• Data records
§ §
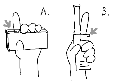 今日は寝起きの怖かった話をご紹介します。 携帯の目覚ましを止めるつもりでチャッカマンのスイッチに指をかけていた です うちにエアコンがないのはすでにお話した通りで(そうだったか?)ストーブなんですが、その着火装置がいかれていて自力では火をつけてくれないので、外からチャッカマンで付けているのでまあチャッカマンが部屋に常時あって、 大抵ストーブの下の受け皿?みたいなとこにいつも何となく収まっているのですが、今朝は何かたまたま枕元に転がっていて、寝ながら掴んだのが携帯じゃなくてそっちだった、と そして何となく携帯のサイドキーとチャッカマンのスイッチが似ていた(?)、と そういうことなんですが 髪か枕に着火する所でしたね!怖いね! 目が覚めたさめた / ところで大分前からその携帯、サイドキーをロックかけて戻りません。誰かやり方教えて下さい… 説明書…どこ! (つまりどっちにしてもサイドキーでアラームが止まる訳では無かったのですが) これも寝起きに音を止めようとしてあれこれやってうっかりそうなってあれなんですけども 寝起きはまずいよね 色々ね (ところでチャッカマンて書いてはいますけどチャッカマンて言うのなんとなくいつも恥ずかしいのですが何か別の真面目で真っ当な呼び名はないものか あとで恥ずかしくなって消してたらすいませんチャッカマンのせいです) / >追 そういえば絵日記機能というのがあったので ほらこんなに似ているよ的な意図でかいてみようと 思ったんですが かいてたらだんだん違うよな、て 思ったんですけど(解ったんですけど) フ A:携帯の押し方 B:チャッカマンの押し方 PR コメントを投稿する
§ §
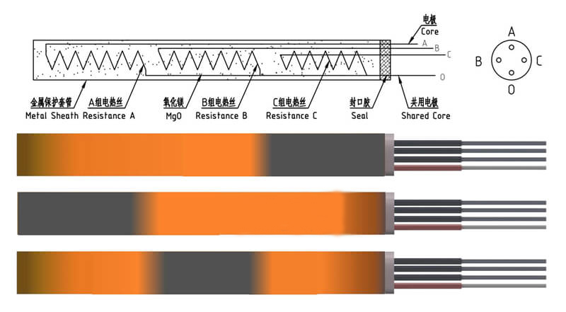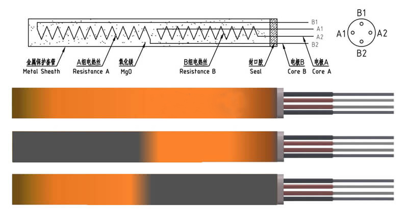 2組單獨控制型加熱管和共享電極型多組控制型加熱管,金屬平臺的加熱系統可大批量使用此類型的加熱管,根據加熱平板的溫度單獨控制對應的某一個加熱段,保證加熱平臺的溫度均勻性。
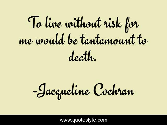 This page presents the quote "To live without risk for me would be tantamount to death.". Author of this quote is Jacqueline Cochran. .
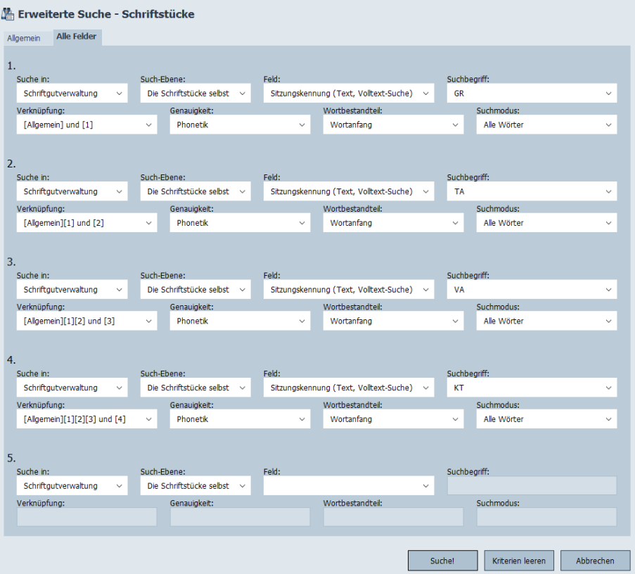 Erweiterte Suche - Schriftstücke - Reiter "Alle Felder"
§ §
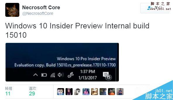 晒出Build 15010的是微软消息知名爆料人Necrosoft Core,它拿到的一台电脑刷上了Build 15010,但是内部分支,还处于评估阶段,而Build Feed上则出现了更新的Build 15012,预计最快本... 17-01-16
§ §
• Task to complete
Treat the line with "This page presents" as the start and the line with "Erweiterte Suche - Schriftstücke" as the end, and return exactly that span of the data above, both ends included, without pictures.

• Exercise response
 This page presents the quote "To live without risk for me would be tantamount to death.". Author of this quote is Jacqueline Cochran. .
 Erweiterte Suche - Schriftstücke - Reiter "Alle Felder"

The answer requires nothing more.